EDIT: After more investigation, I found out the root cause of the issue described below: https://github.com/pandas-dev/pandas/issues/50125#issuecomment-1342886489
Pandas version checks
-
[X] I have checked that this issue has not already been reported.
-
[X] I have confirmed this bug exists on the latest version of pandas.
-
[X] I have confirmed this bug exists on the main branch of pandas.
Reproducible Example
import pandas as pd
import numpy as np
np.random.seed(42)
df = pd.DataFrame(np.random.rand(2,2).astype(np.float32))

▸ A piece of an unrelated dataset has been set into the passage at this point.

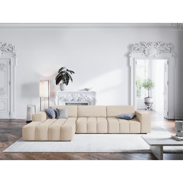 The Luc 4-seater corner sofa from Christian Lacroix is a unique piece of furniture designed to provide comfort for four people, creating a spacious and comfortable relaxation area. Its thoughtful design guarantees just the right amount of space, allowing it to be used comfortably by the whole family or a group of guests. Made from a unique velvet fabric and available in a variety of upholstery colours, it allows you to tailor it to your individual preferences. There is a choice of right- or left-sided versions, making it ideal for blending into different spatial layouts.

print("original float32 data:\n", df.to_dict())
df = df.round(3)
print("to_records() after rounding:\n", df.to_records())

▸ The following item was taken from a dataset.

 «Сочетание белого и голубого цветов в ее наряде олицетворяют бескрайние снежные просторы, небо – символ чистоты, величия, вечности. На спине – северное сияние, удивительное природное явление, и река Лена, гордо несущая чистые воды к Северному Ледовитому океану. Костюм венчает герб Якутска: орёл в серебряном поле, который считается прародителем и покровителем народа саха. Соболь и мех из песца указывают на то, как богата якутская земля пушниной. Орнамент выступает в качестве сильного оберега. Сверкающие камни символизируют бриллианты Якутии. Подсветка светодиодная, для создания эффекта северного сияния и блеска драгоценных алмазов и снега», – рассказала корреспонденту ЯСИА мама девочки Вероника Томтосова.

print("to_dict() after rounding:\n", df.to_dict())
Issue Description
The reproducible example returns:
original float32 data:
{0: {0: 0.3745401203632355, 1: 0.7319939136505127}, 1: {0: 0.9507142901420593, 1: 0.5986585021018982}}
to_records() after rounding:
[(0, 0.375, 0.951) (1, 0.732, 0.599)]
to_dict() after rounding:
{0: {0: 0.375, 1: 0.7319999933242798}, 1: {0: 0.9509999752044678, 1: 0.5989999771118164}}
We can see that .round(3)
has been properly carried through .to_records()
but not through .to_dict()
.
to_dict()
does not return the original data either, but something like the rounding result with extra decimals.

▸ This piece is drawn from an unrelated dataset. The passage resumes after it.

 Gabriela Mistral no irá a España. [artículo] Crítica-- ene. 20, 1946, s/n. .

This does not happens if we use np.float64
.
(Similar to issue #35124)
Expected Behavior
Result when using np.float64
:
original float64 data:
{0: {0: 0.3745401188473625, 1: 0.7319939418114051}, 1: {0: 0.9507143064099162, 1: 0.5986584841970366}}
to_records() after rounding:
[(0, 0.375, 0.951) (1, 0.732, 0.599)]
to_dict() after rounding:
{0: {0: 0.375, 1: 0.732}, 1: {0: 0.951, 1: 0.599}}
Installed Versions
Comment From: ghost
This demonstrates that the problem is somewhere in Serie.item()
:
serie = pd.Series(np.random.rand(3).astype(np.float32))
serie = serie.round(3)
[(k, v) for k, v in serie.items()]
[(0, 0.29100000858306885), (1, 0.6119999885559082), (2, 0.13899999856948853)]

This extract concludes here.